Prior to this, the alopecia drugs that existed simply limited the effects or slowed the progression of male or female pattern baldness. The JAK inhibitors actually allow the hair to grow the way it did before the body saw it as a threat.
In the inital clinical trials on mice with alopecia areata, the drug stimulated regrowth after just ten days! The drug can be taken orally but performed even better when applied topically directly onto the affected spot!
It was found that the enzyme actually suppresses the T-cells responsible for alopecia while promoting regrowth. The results were so astounding that the scientists have high hopes that the drug will be as effective on other types of alopecia or hair loss over all.
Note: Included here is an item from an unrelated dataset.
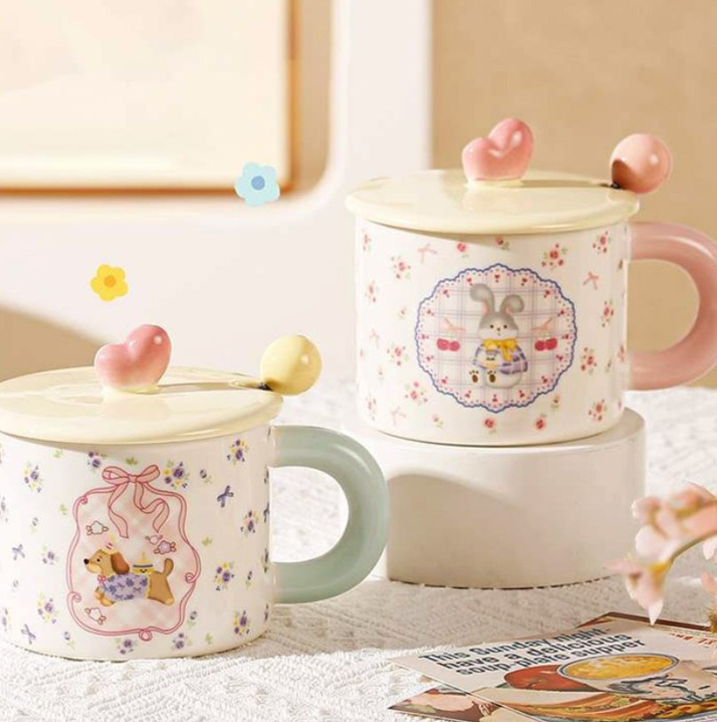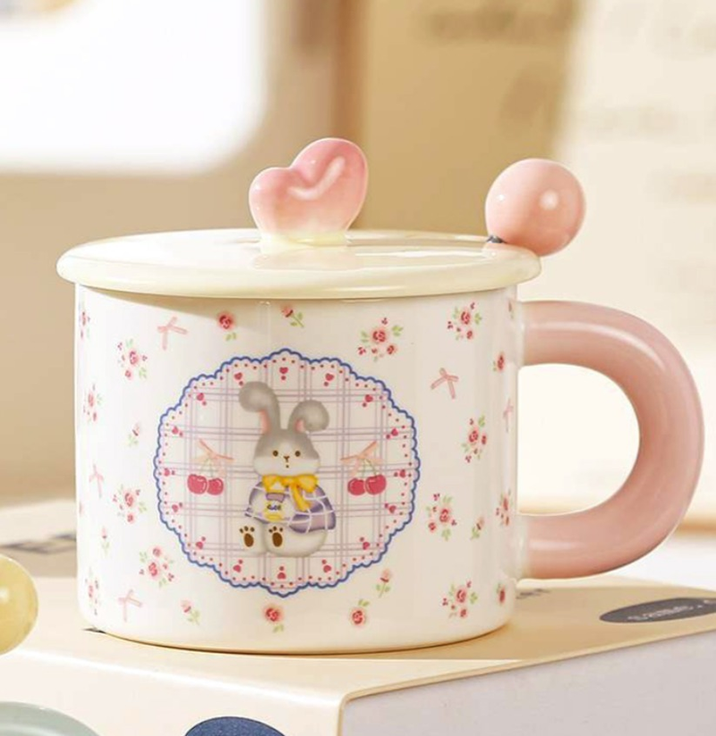 TAZA CERAMICA CON TAPA Y CUCHARA PUPPY RABBIT 420ML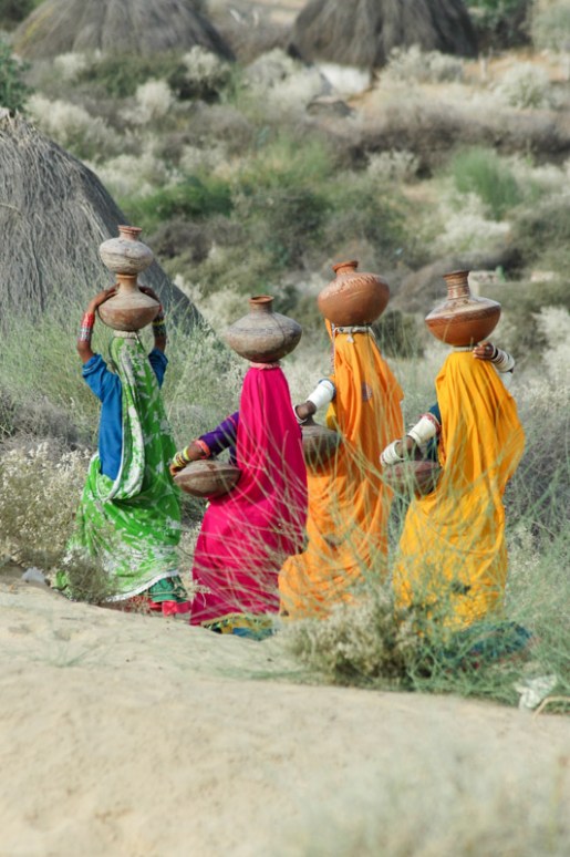Beyond Islamkot the road continues eastwards, deeper into the desert. Out among the sandy hills, in the shade of spiny acacias are tiny villages of simple thatch-roofed rondavels, unlike anything I’ve yet encountered in South Asia. These villages are home to Hindu tribes whose women, arms wrapped in white bangles, wear vividly coloured saris. We spot a group tribal women carrying decorated jugs of water on their heads, their elegant, coloured forms a striking sight against the greys and browns of the desert.

The breakthrough came as a result of scientists sifting through genetic research and noticing that there is a way that they could trace the process of alopecia backwards to find what causes the onset. That is when they discovered the specific type of cells that cause alopecia and they were then able to isolate those cells and engineer the enzyme to combat them.
After witnessing the success of its use in the trial with the mice, the researchers decided to do a follow-up on human patients with moderate to severe cases of alopecia. The clinical trial on humans was facilitated by the researchers along with Julian Mackay-Wiggan, MD, MS, director of the Clinical Research Unit in the Department of Dermatology at CUMC and a practicing dermatologist at NewYork-Presbyterian/Columbia who treats patients with multiple types of hair loss.
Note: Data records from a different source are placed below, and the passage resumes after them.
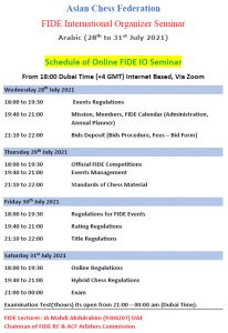 A FIDE International Organizer Seminar in Arabic shall be conducted by IA/IO Abdulrahim Mahdi, FIDE Rules Commission Chairman and Asian Chess Federation Arbiters Commission Chairman from 28-31 July 2021. Email mahdi.abdulrahim2020@gmail.com for details.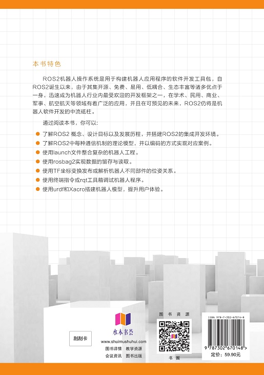 前言 随着科技的不断发展,机器人技术在各领域的应用越来越广泛。而机器人操作系统(ROS)作为一种用于构建机器人应用程序的软件开发工具包,已成为机器人行业内深受欢迎的开发框架之一。ROS集开源、免费、易用、低耦合、生态丰富等诸多优点于一身,迅速赢得了广泛的认可和应用。 本书旨在为读者提供ROS2的全面学习指南,帮助读者深入了解ROS2及环境搭建,通信机制核心,通信机制补充,多种ROS2工具如launch、rosbag2、TF(坐标变换)、rviz2可视化等。通过本书的学习,读者将系统地掌握ROS2的核心知识和工具使用,为机器人开发打下坚实的基础。 第1章“ROS2概述与环境搭建”作为本书的开篇,将带领读者逐步了解ROS2的发展历程、组成体系、优势、安装和快速体验等内容。通过本章的学习,读者将对ROS2有全面的认识,并为后续学习做好准备。 第2章“ROS2通信机制核心”将重点介绍ROS2中的通信机制,包括话题通信、服务通信、动作通信和参数服务等。通过本章的学习,读者将了解不同功能模块之间如何进行数据交互,掌握ROS2中通信机制的核心知识。 第3章“ROS2通信机制补充”将进一步介绍分布式框架搭建、重名问题处理、常用API、通信机制工具等内容,并通过练习强化对ROS2通信机制的认识。本章将帮助读者深入理解ROS2通信机制的补充知识,为实际应用提供支持。 第4章“ROS2工具之launch与rosbag2”将系统地介绍ROS2中的launch文件和rosbag2工具的使用。通过本章的学习,读者将了解如何使用launch文件启动节点和如何使用rosbag2工具实现话题...
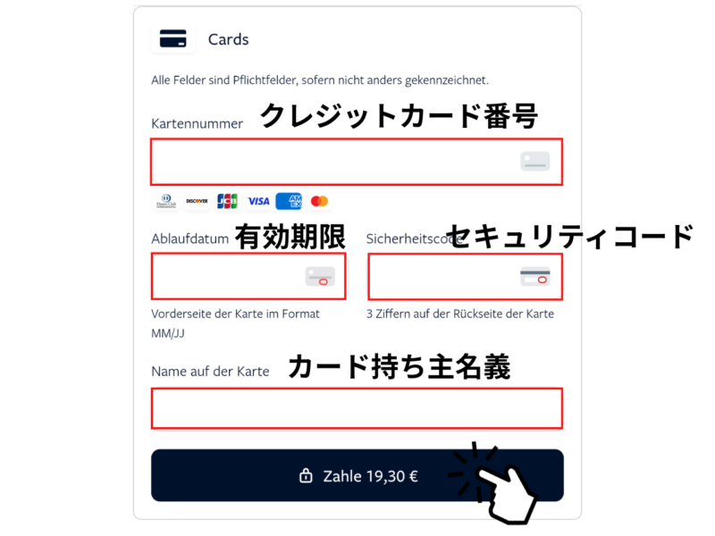 ⑤クレジットカード情報を入力後、支払いボタンをタップ。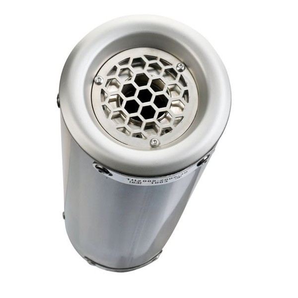 Terminale della serie M3 INOX, sviluppato grazie alle vittorie nel Mondiale Moto3, realizzato in acciaio inox satinato a mano, forma tonda di diametro 100mm, fornito con griglia racing removibile, fondelli ricavati da lavorazione Cnc.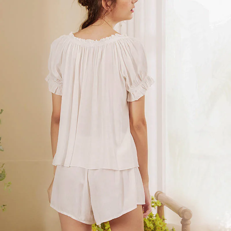Roseheart белый Для женщин сна Домашняя одежда для сна костюмы с вырезом лодочкой, пижамный комплект, одежда для сна ночная рубашка из искусственного шелка, хлопковый комплект из 2 предметов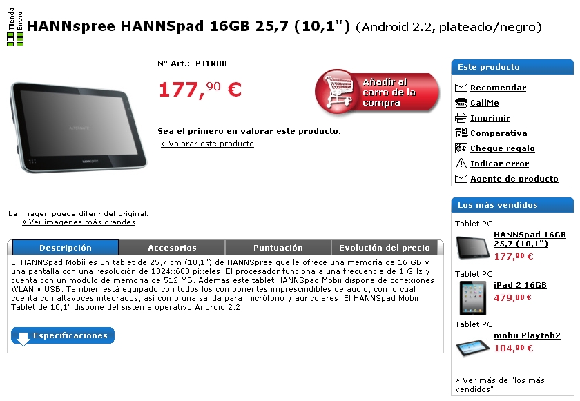 el Hannspad, no aparece que modelo es pero suponemos que sera el mas economico el sn10t1 y lo tenemos disponible en Alternate por 177.90€ mas portes.

The initiative prompted the initiation of a small open-label clinical trial of ruxolitinib.
The results further boosted their confidence in the drug as in three of the trial’s early participants, the drug completely restored hair growth within four to five months of starting treatment, and wiped any trace of the attacking T-cells from the scalp.
Prior to the discovery that ruxolitinib and tofacitinib could be used to target alopecia, the FDA had approved their use in treating blood disorders.
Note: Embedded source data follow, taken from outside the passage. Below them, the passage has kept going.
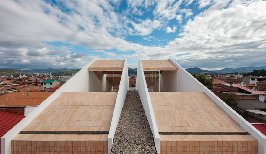 Con el objetivo de optimizar al máximo los espacios en el estrecho lote se empleó un sistema estructural de muros y losas de hormigón armado en los bloques de vivienda; y perfiles de acero en las circulaciones. A esto se sumaron materiales tradicionales de baja energía incorporada como el ladrillo artesanal, utilizado en mamposterías de fachadas, pisos exteriores y cubiertas; y el carrizo en el cielo raso de áreas sociales.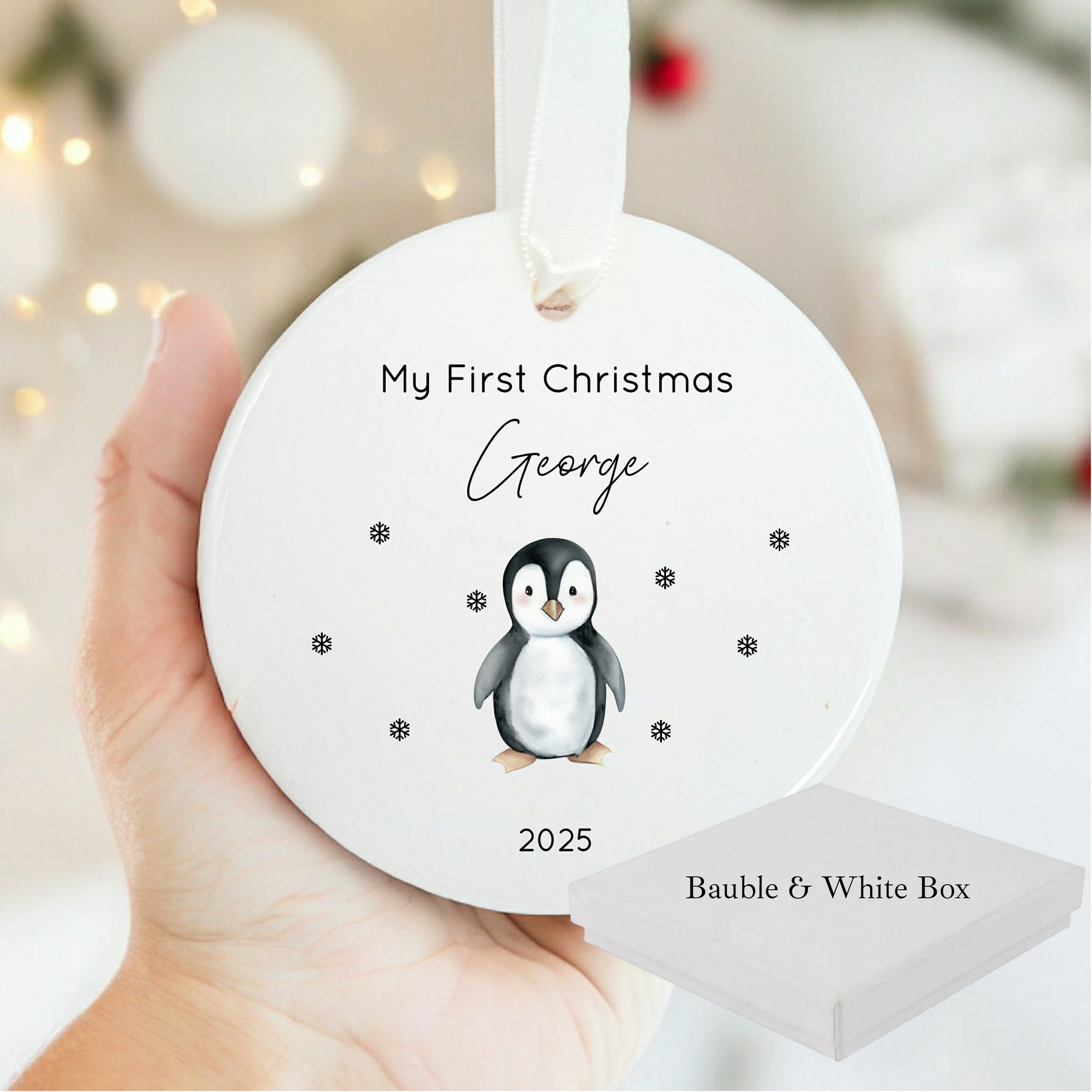 Celebrate a precious milestone with the Personalised My First Christmas Penguin Ceramic Ornament. This charming keepsake features an adorable penguin design and can be customised with your child’s name, making it a heartfelt addition to your holiday decorations. Crafted from durable ceramic, it’s perfect for treasuring your little one’s first festive season and creating lasting memories year after year.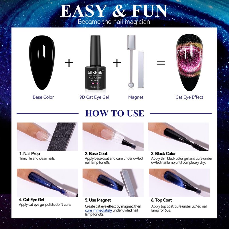 - MIZHSE 9D Cat Eye Gel Nail Polish Kit: 5 x 10 ml magnetic gel polish collection set, 1 black gel polish, 2 magnetic sticks. Cure under UV/LED nail dryer lamp. All in 1 kit, save your money and time to nail salon! Professional cat eye gel for infinite styles. Suitable for natural nails, UV gel nails, false nails, acrylic nails, etc. Please refer to our videos for more detailed operations. If there is any doubt in the operation, please feel free to contact us!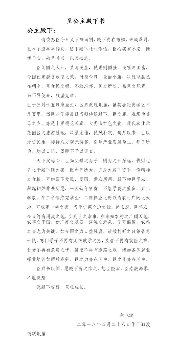 给襁褓中的女儿的家书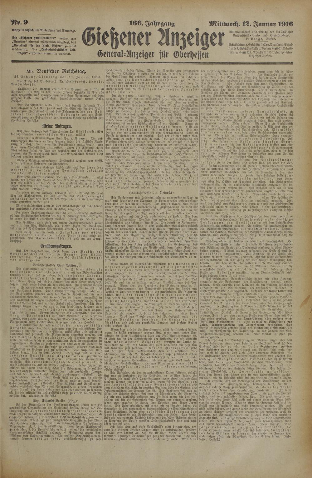 Rotatioirsdruck und/Verlag der Brühl'schen Universitäts - Buch- und Steindruckerei. R. Lange, Gießen.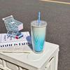 Cana cu paie cu bule dublu Rainbow Girl - Capacitate mare, design creativ pentru studenți și uz la birou/acasă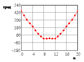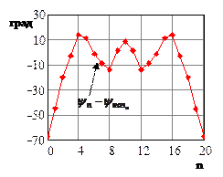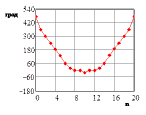 Рис. 5. Синтезированная ДН Рис. 6. Разность полученного фазового
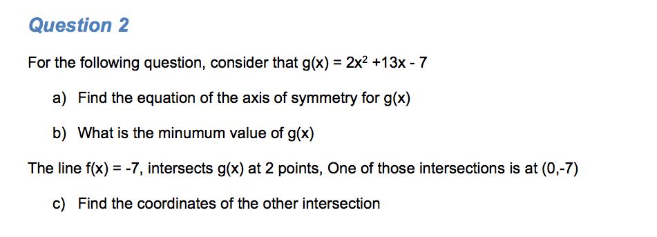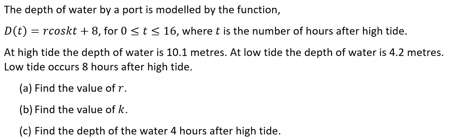 The following are exam style questions for the sub-topics in the functions unit. There are questions with video solutions here for here for Introduction, Key Features and Graphing, Linear Models, Quadratic Models, Exponential Models and Trigonometric Models.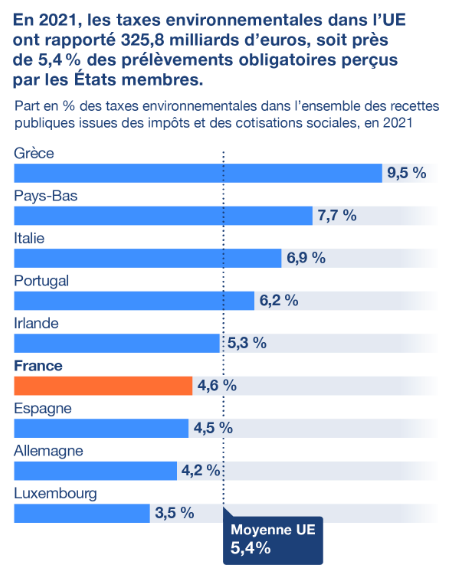 En 2021, les taxes environnementales dans l’UE ont rapporté 325,8 milliards d’euros, retrouvant leur niveau d’avant la pandémie de Covid-19, selon une étude récente de l’institut européen de statistiques Eurostat. Les taxes environnementales comprennent les taxes sur les produits énergétiques (charbon, électricité, etc.), les transports, la pollution et les ressources (émissions de gaz polluants comme les NOx, extractions de matières premières, etc.). Les taxes sur le CO2, comme la taxe carbone, sont incluses dans les taxes sur les produits énergétiques. La fiscalité environnementale a pour objectif de renchérir le coût des activités génératrices de pollution et d’atteintes à l’environnement afin d’inciter les ménages et les entreprises à modifier leurs comportements. En 2021, les taxes environnementales dans l’UE ont représenté 5,4 % du total des recettes publiques provenant des impôts et des cotisations sociales. Cette part variait selon les États membres, allant de 3,5 % au Luxembourg à 9,5 % en Grèce. Elle était en France inférieure à la moyenne de l’UE (4,6 %). En 2011, la Commission européenne, codétentrice du pouvoir exécutif de l’UE avec les États membres, avait demandé aux États membres d’augmenter d’ici 2020 la part des taxes environnementales dans les recettes publiques. « Aucun progrès majeur n’a été réalisé », selon Eurostat. Il note qu’en 2020, la part des taxes sur le travail dans les recettes publiques était de 53,5 %, un niveau près de 10 fois supérieur à la part des taxes environnementales.

This is What Dr. Raphael Clynnes had to say with regard to the find:
We still need to do more testing to establish that ruxolitinib should be used in alopecia areata, but this is exciting news for patients and their physicians. [] This disease has been completely understudied—until now, only two small clinical trials evaluating targeted therapies in alopecia areata have been performed, largely because of the lack of mechanistic insight into it.
The details of the study is documented in Dr. Christian’s paper. In it you can get a clearer picture of how the drug has impacted on patients who were a part of the study so if you are interested in following the progress or getting more details on it you may find the relevant information under the paper titled “Alopecia Areata is Driven by Cytotoxic T Lymphocytes and is Reversed by JAK Inhibition.”
The other contributors are Luzhou Xing, Zhenpeng Dai, Ali Jabbari, Jane E. Cerise, Claire Higgins, Weijuan Gong, Annemke de Jong, Sivan Harel, Gina M. DeStefano, Lisa Rothman, Pallavi Singh, Lynn.
It’s great that those suffering from hair loss can look toward the production of a drug that will provide lasting results. I look forward to seeing people beaming as a result of being given a second chance at growing lustrous hair in places that have long been barren.